**Task statement:**
Find the line that holds "This is a white" in the material below. Output that line and each one after it exactly, but not the pictures.

**Raw data:**
+--
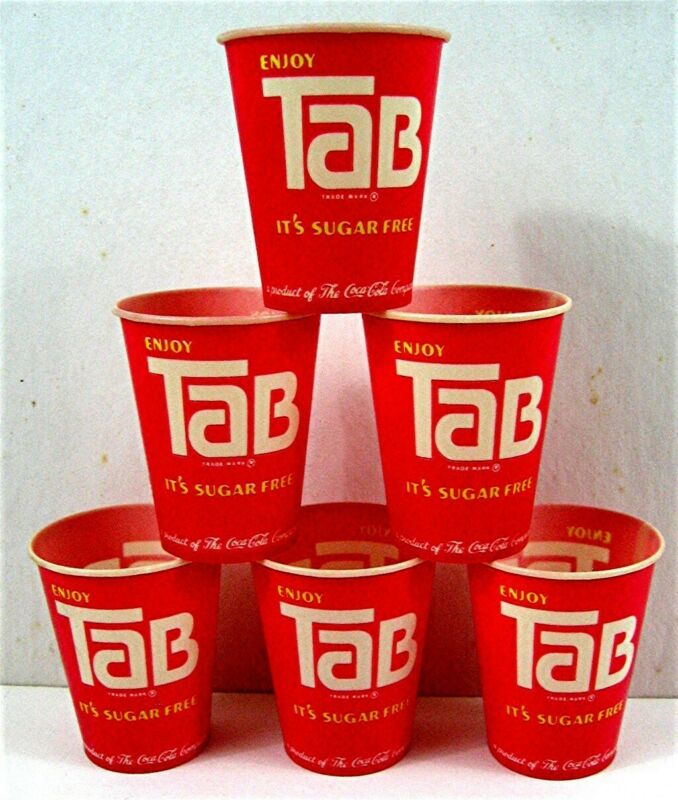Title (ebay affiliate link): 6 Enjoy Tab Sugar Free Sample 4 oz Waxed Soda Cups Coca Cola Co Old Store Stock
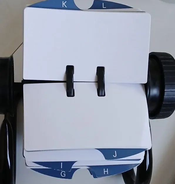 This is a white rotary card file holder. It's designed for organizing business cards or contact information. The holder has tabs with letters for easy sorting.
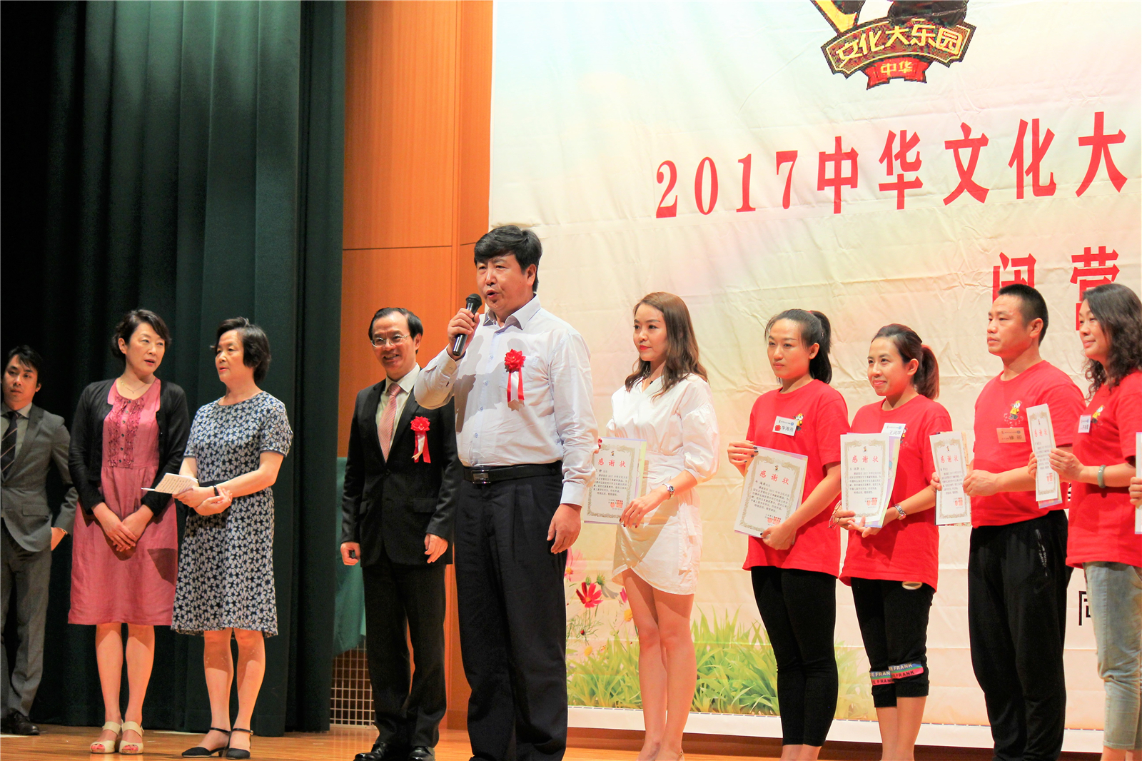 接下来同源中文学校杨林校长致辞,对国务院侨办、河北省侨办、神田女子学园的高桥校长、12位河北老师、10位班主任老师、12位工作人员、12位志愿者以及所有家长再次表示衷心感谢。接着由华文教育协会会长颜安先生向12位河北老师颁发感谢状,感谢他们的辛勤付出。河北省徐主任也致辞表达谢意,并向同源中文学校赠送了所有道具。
+--
**Completed exercise:**
 This is a white rotary card file holder. It's designed for organizing business cards or contact information. The holder has tabs with letters for easy sorting.
 接下来同源中文学校杨林校长致辞,对国务院侨办、河北省侨办、神田女子学园的高桥校长、12位河北老师、10位班主任老师、12位工作人员、12位志愿者以及所有家长再次表示衷心感谢。接着由华文教育协会会长颜安先生向12位河北老师颁发感谢状,感谢他们的辛勤付出。河北省徐主任也致辞表达谢意,并向同源中文学校赠送了所有道具。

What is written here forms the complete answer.